* [Supplied material]
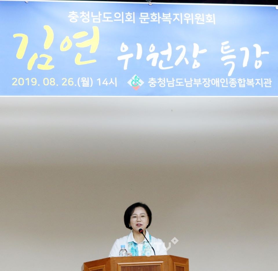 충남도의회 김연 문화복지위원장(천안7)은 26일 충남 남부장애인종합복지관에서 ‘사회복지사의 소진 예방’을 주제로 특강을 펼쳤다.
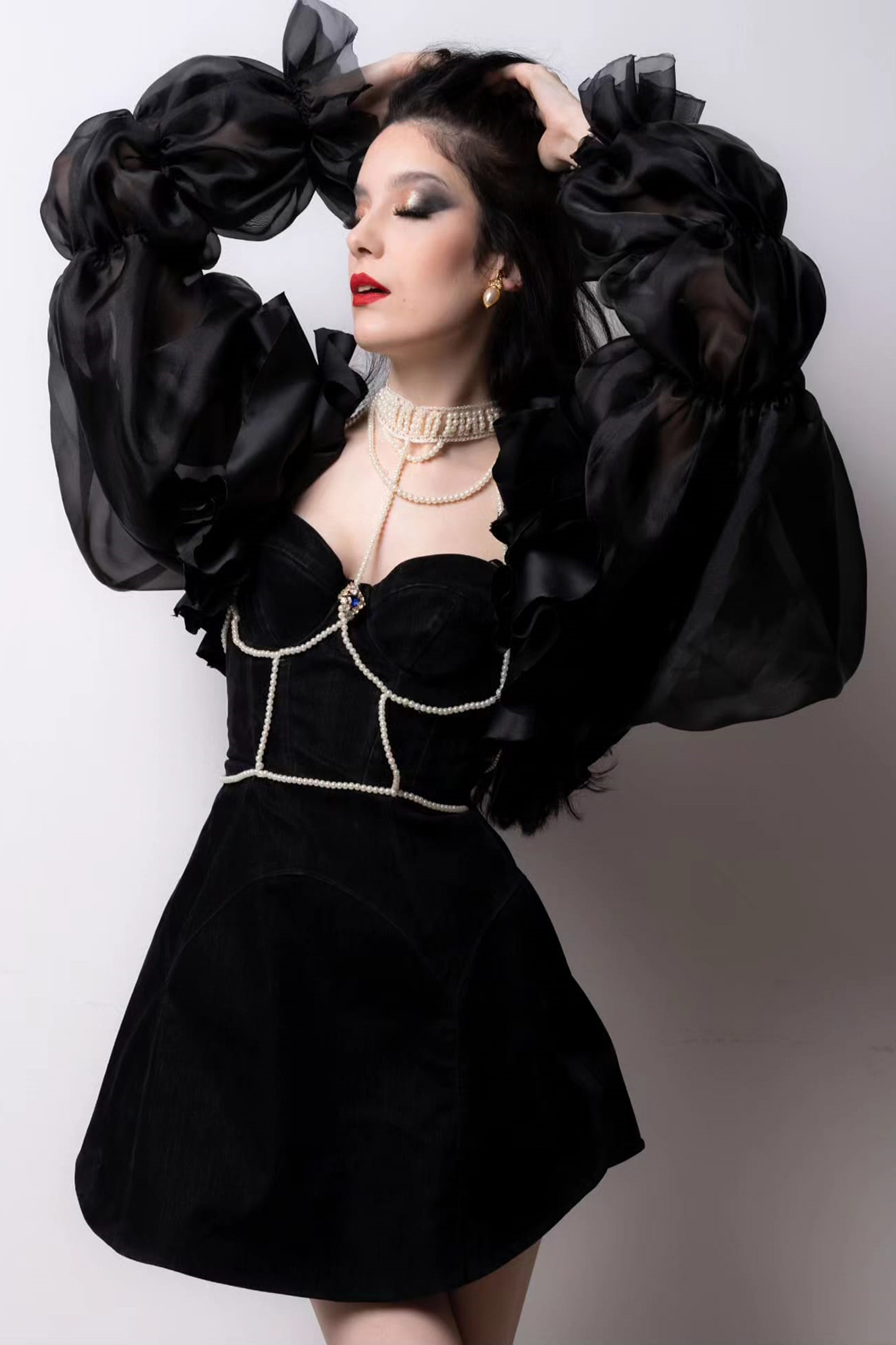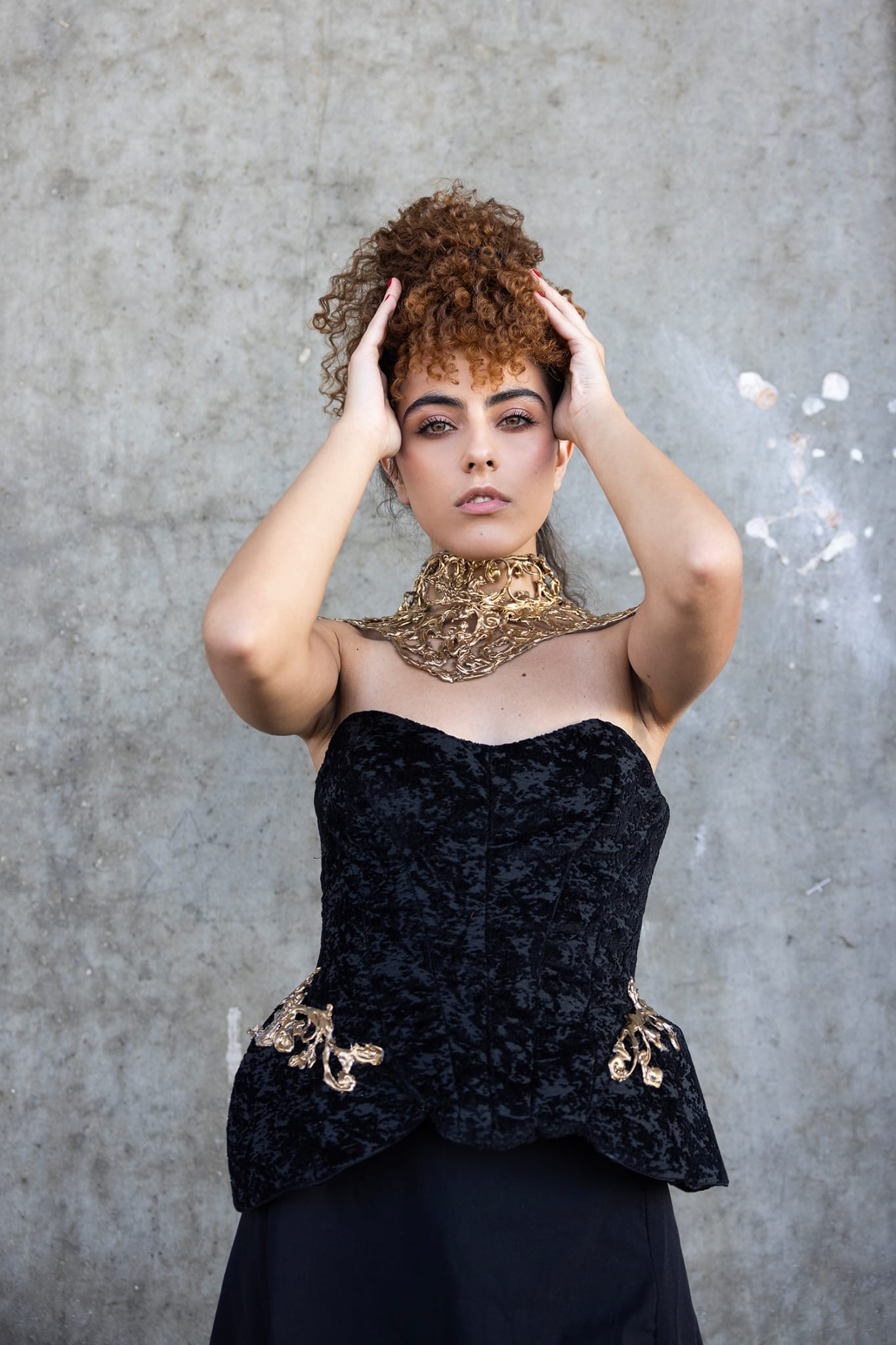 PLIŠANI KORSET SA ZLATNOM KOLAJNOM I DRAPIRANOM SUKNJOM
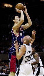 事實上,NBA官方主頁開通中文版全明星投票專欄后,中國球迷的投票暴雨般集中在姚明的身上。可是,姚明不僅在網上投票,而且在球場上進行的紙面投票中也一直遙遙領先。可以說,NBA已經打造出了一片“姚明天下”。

* [Your goal] Output all the data, exactly, without images.

* [Written answer]
 충남도의회 김연 문화복지위원장(천안7)은 26일 충남 남부장애인종합복지관에서 ‘사회복지사의 소진 예방’을 주제로 특강을 펼쳤다.
 PLIŠANI KORSET SA ZLATNOM KOLAJNOM I DRAPIRANOM SUKNJOM
 事實上,NBA官方主頁開通中文版全明星投票專欄后,中國球迷的投票暴雨般集中在姚明的身上。可是,姚明不僅在網上投票,而且在球場上進行的紙面投票中也一直遙遙領先。可以說,NBA已經打造出了一片“姚明天下”。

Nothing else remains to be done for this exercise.